Вот мне кажется, что надо иметь в виду и что об этом деле надо сказать окончательно. Айхенвальд прав — Айхенвальд не прав, Иванов-Разумник не прав — Иванов-Разумник прав. «А надо всеми Бог, и да живет наша Русь».
Белинский и Достоевский {83}
Гораздо раньше г. Айхенвальда в истории русской критики и, общее, в русской литературе указывалась крайняя недостаточность Белинского. Указывали на его общую незрелость, утомительную моложавость, соединенную с крайним самомнением и уверенностью тона. Страхов, Аполлон Григорьев, Юр. Николаев (псевдоним Говорухи-Отрока), в особенности — Достоевский говорили раньше Айхенвальда то же, что сказал Айхенвальд. Да и вообще это было «общее место» в суждениях серьезных людей, что Белинский — совершенно недостаточный ум, что говорить а глубине Белинского — как-то странно… Отчего же только теперь, когда «сказал и Айхенвальд», вдруг поднялась вся печать и статьям «О Белинском и Айхенвальде» нет конца… Нужно говорить «Достоевский и Белинский», «Толстой и Белинский» — и совершенно нет нужды сопоставлять: «Белинский и Айхенвальд». Нужно брать соизмеримые, равнозначащие величины и силы, нужно брать действительные соперничества в идейном и духовном мире. Потому что «за Достоевского» и «за Толстого» упор, конечно, так же велик, как «за Белинского». Тут должен каждый что-то решить в уме своем. Тут должен каждый что-то решить в сердце своем. Тема эта действительно стоит в нашем обществе и литературе, — не решенная, лениво обходимая. За нее надо взяться и преодолеть ее.

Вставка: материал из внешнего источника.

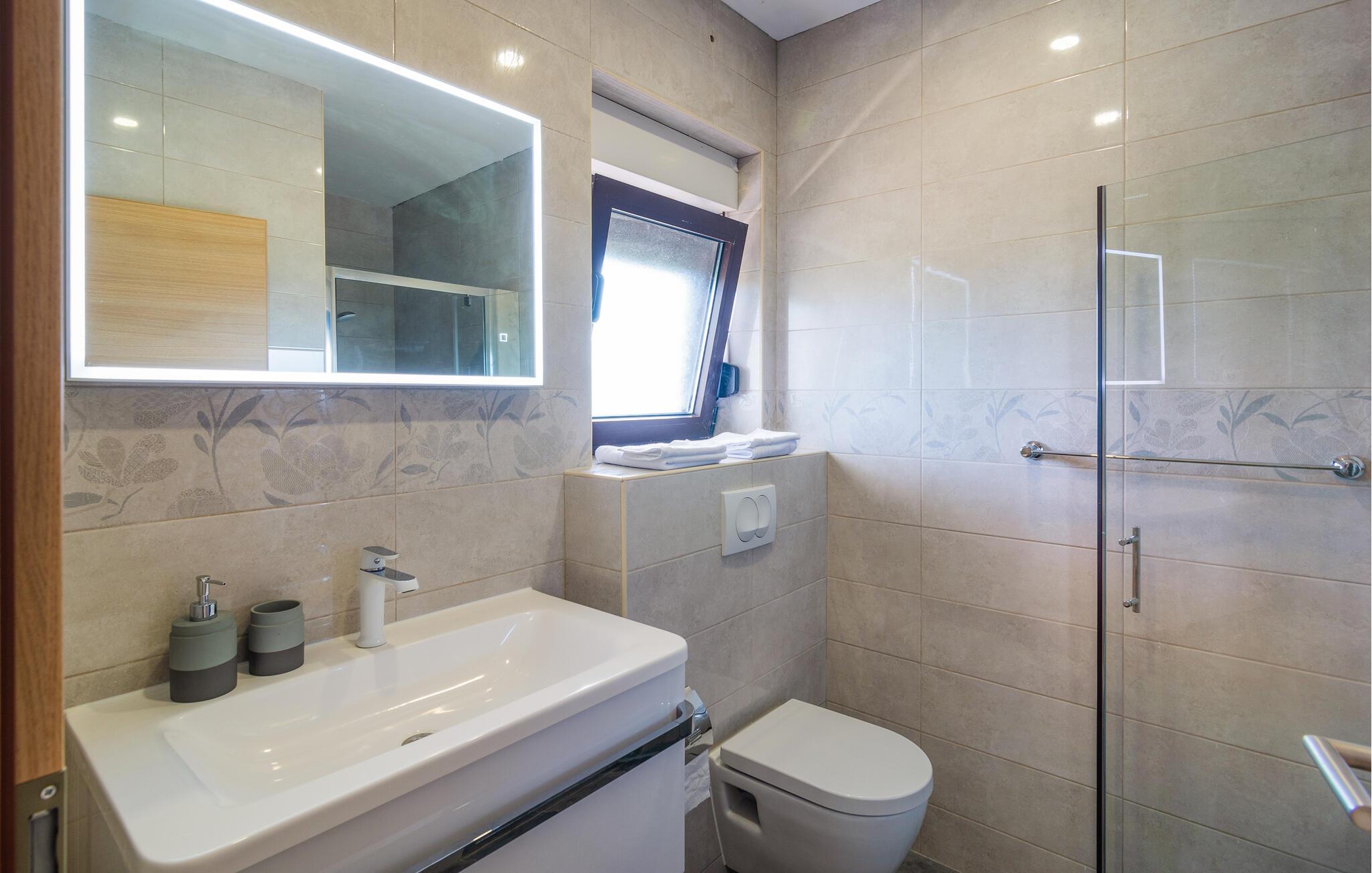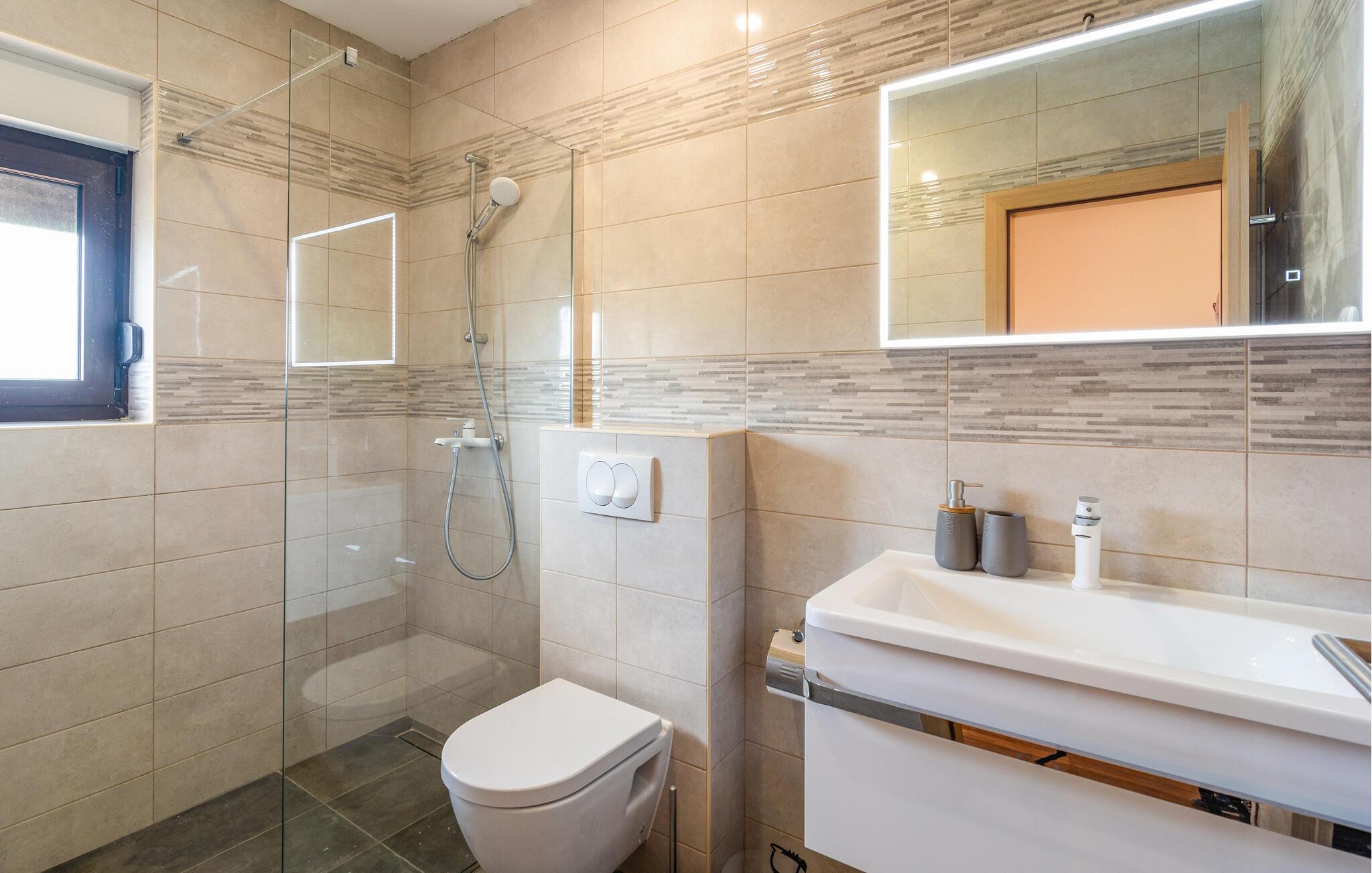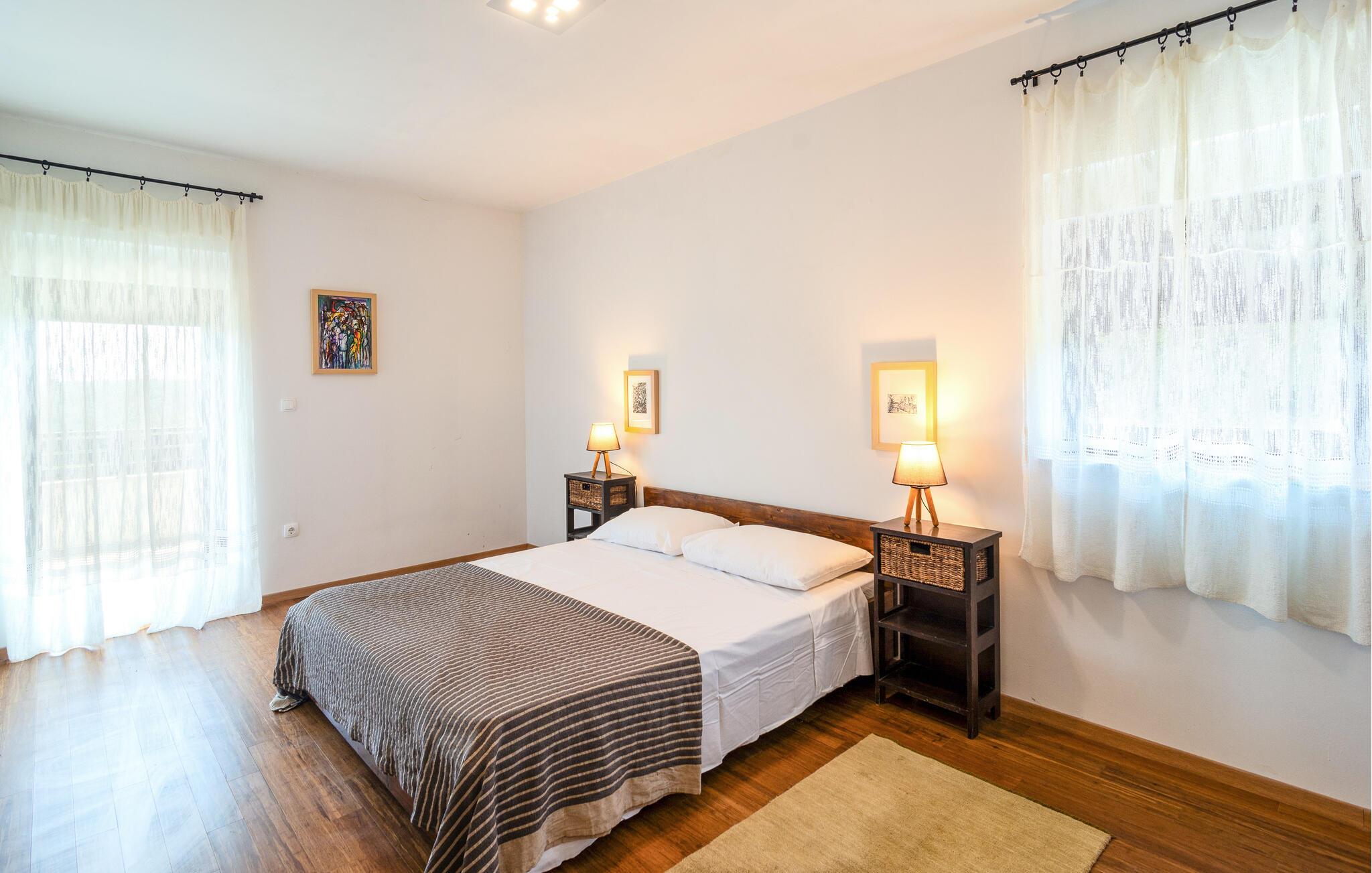 Tag en forfriskende dukkert i den private pool på varme sommerdage, og slap af på de komfortable liggestole, der omgiver poolen. Der står en grillplads til rådighed til hyggelige grillaftener, perfekt til at tilberede lokale specialiteter og nyde samværet med familien. Besøg også de nærliggende strande, der med deres krystalklare vand inviterer til badning og afslapning.

Вот что пишет г. Иванов-Разумник в фельетоне «Русских Ведомостей», разбирая книгу Айхенвальда «Споры о Белинском»:
«После этого чему же удивляться, если этот «адвокат дьявола», как он сам себя называет, приводит даже известные слова Достоевского: «Белинский есть самое смрадное, тупое и позорное явление русской жизни» [327] . Он не понимает, этот адвокат дьявола, что слова эти позорны не для Белинского, а для Достоевского. Он не понимает, что отрицательные суждения Л. Толстого о Белинском характерны и интересны не для нашего понимания Белинского, а для нашего суждения о Толстом. Достоевский и Толстой — такие громадные величины, что на них никакому «адвокату дьявола» взобраться нельзя»… И т. д.